▸ Description of the task: Could you set down only the lines from the one including "今日の献立は、さけのつけ焼き、五目汁、高野どうふのいり煮、ごはん、牛乳です。" to the end of the records below, inclusive and exact, leaving pictures out?

▸ Entries shown:
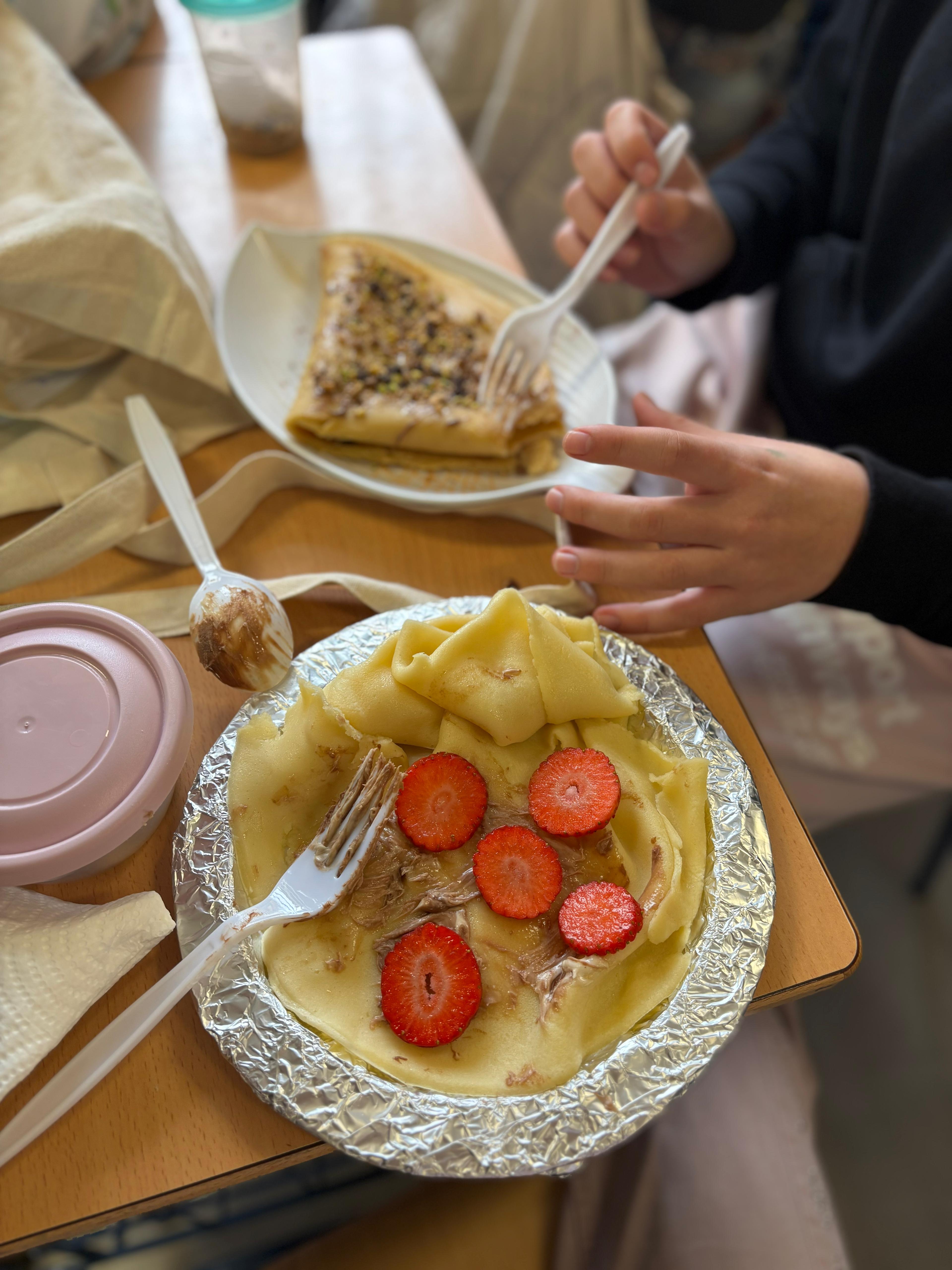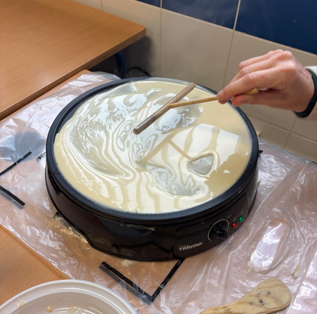 El martes 3 de febrero desde el área de francés celebramos la Chandeleur, la «fête de crêpes, degustando crepes caseros en 1º y 3º ESO y crepes recién hechos en 2ºy 4ºESO, mientras escuchamos música francófona. La actividad ha tenido muy buena acogida por el alumnado, que ha colaborado para crear un mural para el centro y así dar mayor reconocimiento a esta festividad francófona.
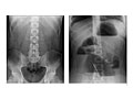Often two pictures are taken: one while you are lying down (supine) and the other one while you are standing (erect view). If you are not able to stand, the X-ray may be taken while you lie on your side with your arm over your head.
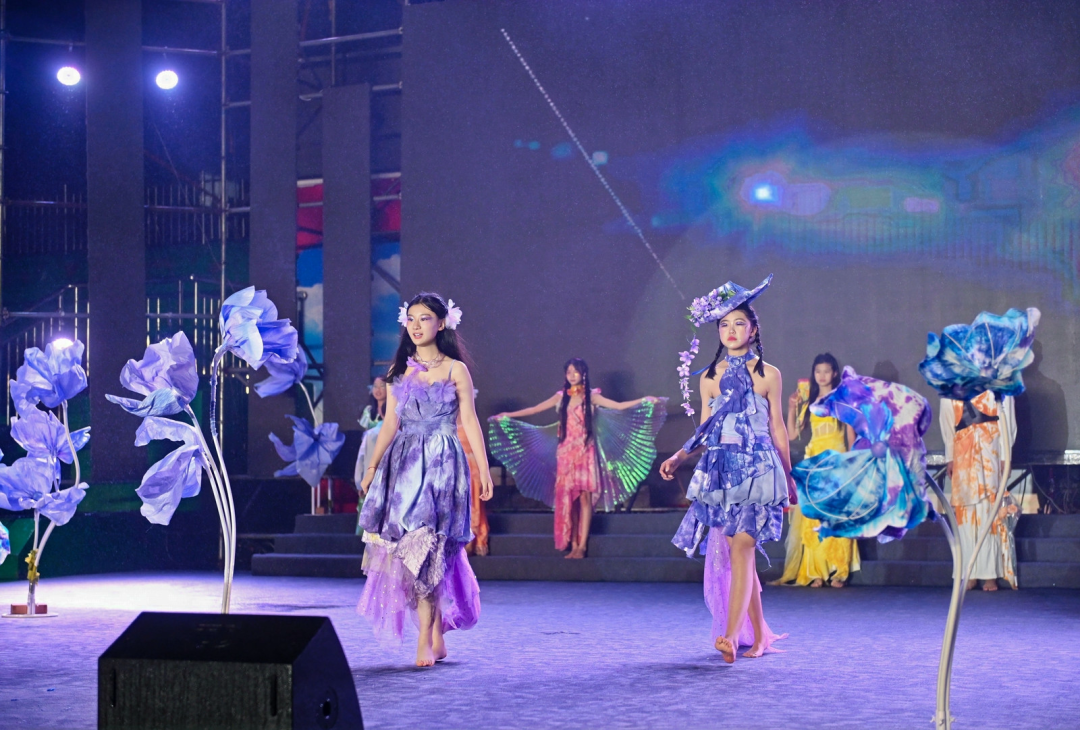 童心织梦,共创未来。非遗服饰走秀《锦绣未来》生动上演,羌族同学们创新运用苗家扎染技艺,将斑斓色彩浸染于服饰之上,展现了北川新一代在文化传承中的创新活力与开放视野;合唱《光亮》用美育传递心中心中不灭的梦想。
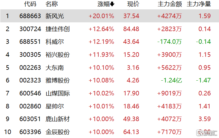 光伏板块表现强劲,新风光20cm涨停,捷佳伟创、科威尔涨超12%,裕兴股份涨超11%,大东南、雅博股份,金辰股份等多股涨停。
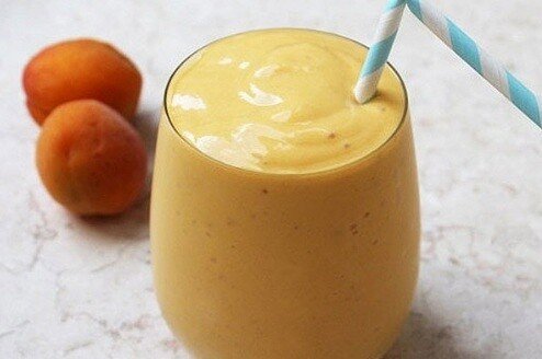 Описание: Абрикосово-банановый смузи.*Ингредиенты : Абрикосы — 12 штук Банан — 1 штука Рисовое ванильное молоко — 250 миллилитров Натуральный йогурт — 125 миллилитров *ПРИГОТОВЛЕНИЕ :У абрикосов удалите косточку и пробейте вместе с бананом и рисовым молоком (можно заменить на обычное), йогуртом и бананом в блендере на максимальной скорости около пяти минут. *Подавайте, украсив молодыми листьями мяты и кусочком абрикоса. *Для этого смузи нужны уже мягкие абрикосы, которые слегка перележали на полке холодильника, есть их уже, вроде, не хочется, а для смузи они подходят идеально. Натуральный йогурт в данном рецепте нужен для того, чтобы вкус был сбалансированным, иначе получается очень сладко.*Приятного аппетита!
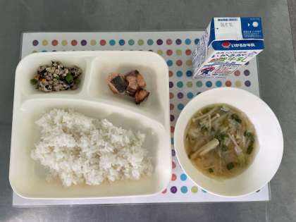 今日の献立は、さけのつけ焼き、五目汁、高野どうふのいり煮、ごはん、牛乳です。
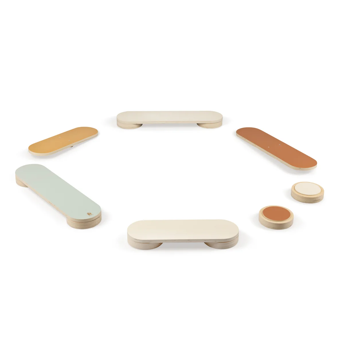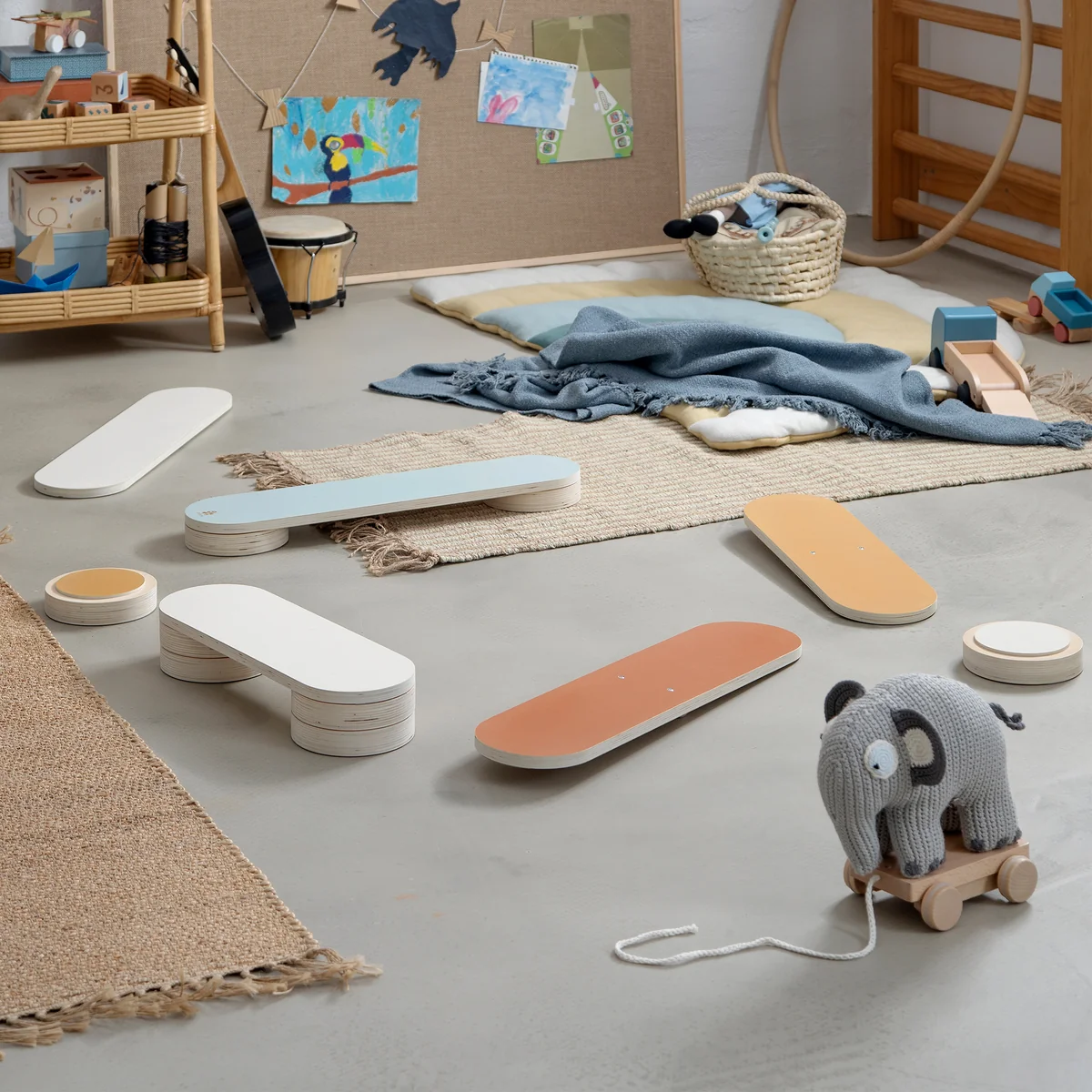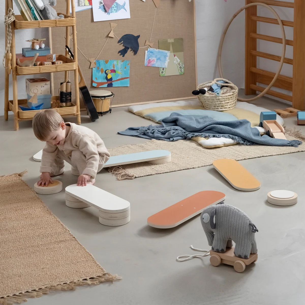 Le parcours d'équilibre en bois de la maison danoise Sebra entraîne la coordination des petits aventuriers ! Le parkour en bois propose différentes stations qui peuvent être placées à volonté. Ainsi, un tout nouveau parkour est créé à chaque fois, ce qui permet d'apprendre à connaître son corps de manière ludique. Le set se compose de 13 pièces au total.
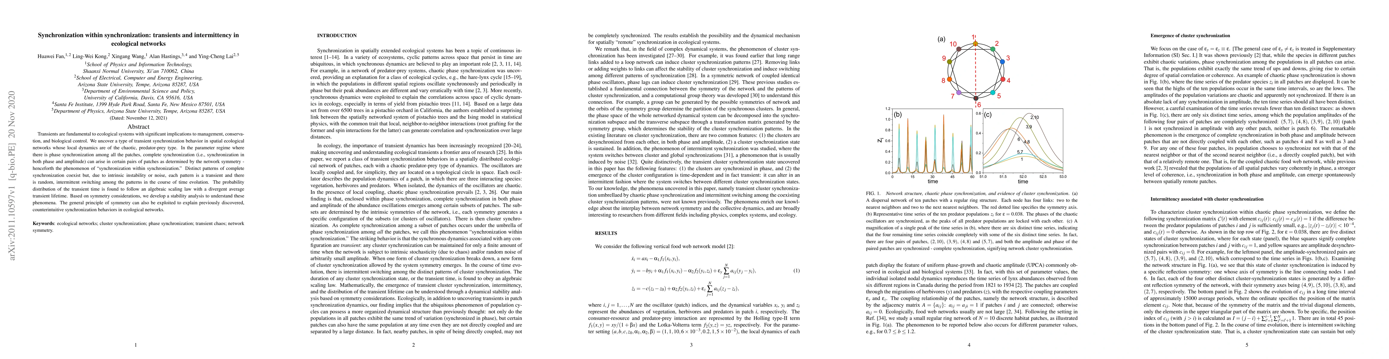 This paper explores transient synchronization in chaotic ecological networks, revealing "synchronization within synchronization" where distinct patterns of complete synchronization emerge and intermittently switch due to network symmetry and intrinsic instability. The study develops a stability analysis based on symmetry and finds an algebraic scaling law for the transient time distribution.
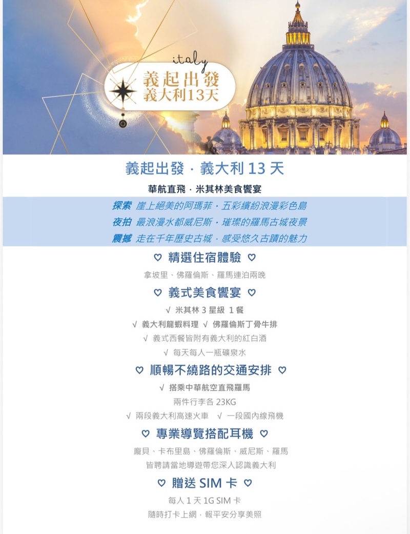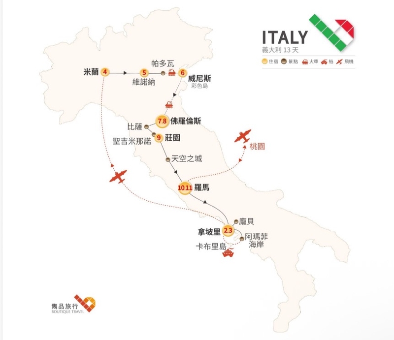 上網查了很多資料,我們最後選擇了雋品旅行社的[義起出發 義大利13天]的行程,很適合假期天數不多的人。
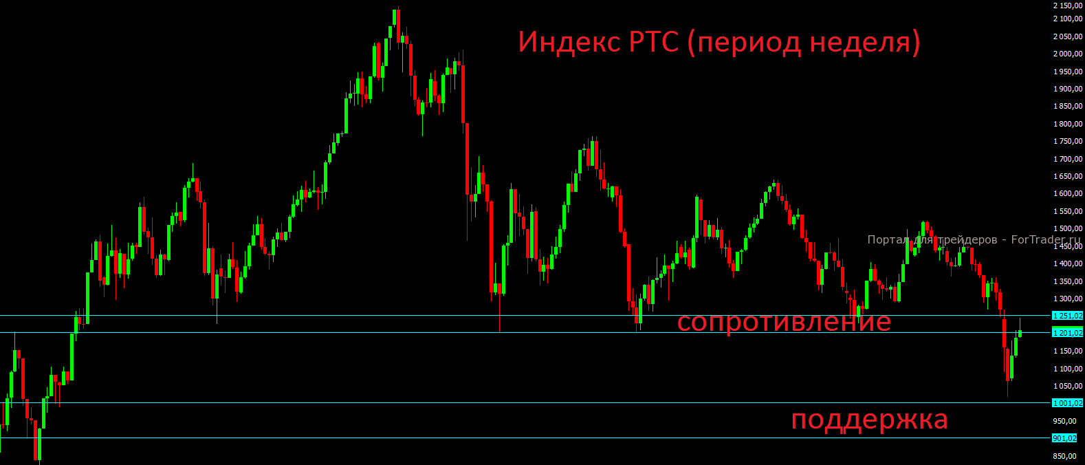 Сегодняшний день, с точки зрения техники, очень важен для российского рынка и если он закроется в минусе, хотя бы с потерями чуть более 1%, то мы получим окончательное подтверждение разворота не только на часовом и дневном периоде, но возможно и на недельном. Если закрытие недели произойдёт ниже отметки 1200 пунктов, то на недельном графике получится разворотная свеча и можно будет смело готовиться к дальнейшему снижению в ближайшие 2 недели, до отметок 1100-1050 по индексу РТС.
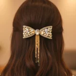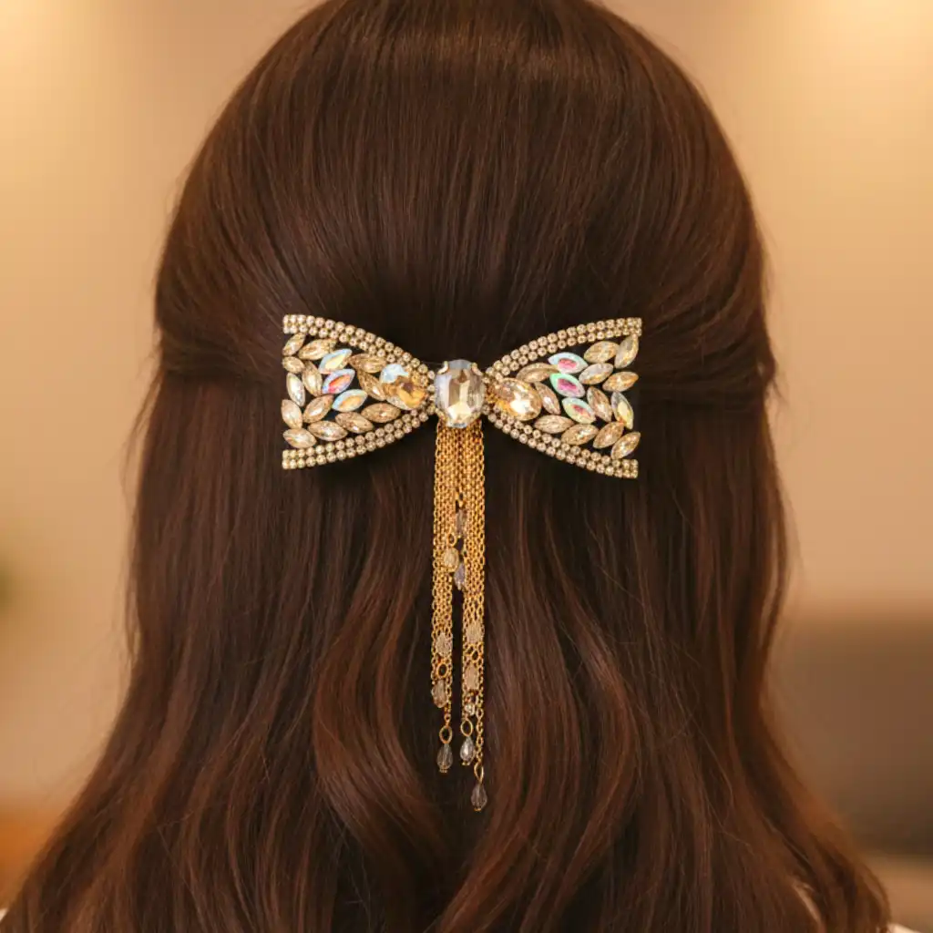 Material & Color: Made with a fabric with a plastic bow base, gold-tone alloy metal detailing, and high-quality crystal stones. The clip mechanism at the back is usually metal (alloy or steel) to provide a strong grip on the hair.

▸ Result:
 今日の献立は、さけのつけ焼き、五目汁、高野どうふのいり煮、ごはん、牛乳です。
 Le parcours d'équilibre en bois de la maison danoise Sebra entraîne la coordination des petits aventuriers ! Le parkour en bois propose différentes stations qui peuvent être placées à volonté. Ainsi, un tout nouveau parkour est créé à chaque fois, ce qui permet d'apprendre à connaître son corps de manière ludique. Le set se compose de 13 pièces au total.
 This paper explores transient synchronization in chaotic ecological networks, revealing "synchronization within synchronization" where distinct patterns of complete synchronization emerge and intermittently switch due to network symmetry and intrinsic instability. The study develops a stability analysis based on symmetry and finds an algebraic scaling law for the transient time distribution.
 上網查了很多資料,我們最後選擇了雋品旅行社的[義起出發 義大利13天]的行程,很適合假期天數不多的人。
 Сегодняшний день, с точки зрения техники, очень важен для российского рынка и если он закроется в минусе, хотя бы с потерями чуть более 1%, то мы получим окончательное подтверждение разворота не только на часовом и дневном периоде, но возможно и на недельном. Если закрытие недели произойдёт ниже отметки 1200 пунктов, то на недельном графике получится разворотная свеча и можно будет смело готовиться к дальнейшему снижению в ближайшие 2 недели, до отметок 1100-1050 по индексу РТС.
 Material & Color: Made with a fabric with a plastic bow base, gold-tone alloy metal detailing, and high-quality crystal stones. The clip mechanism at the back is usually metal (alloy or steel) to provide a strong grip on the hair.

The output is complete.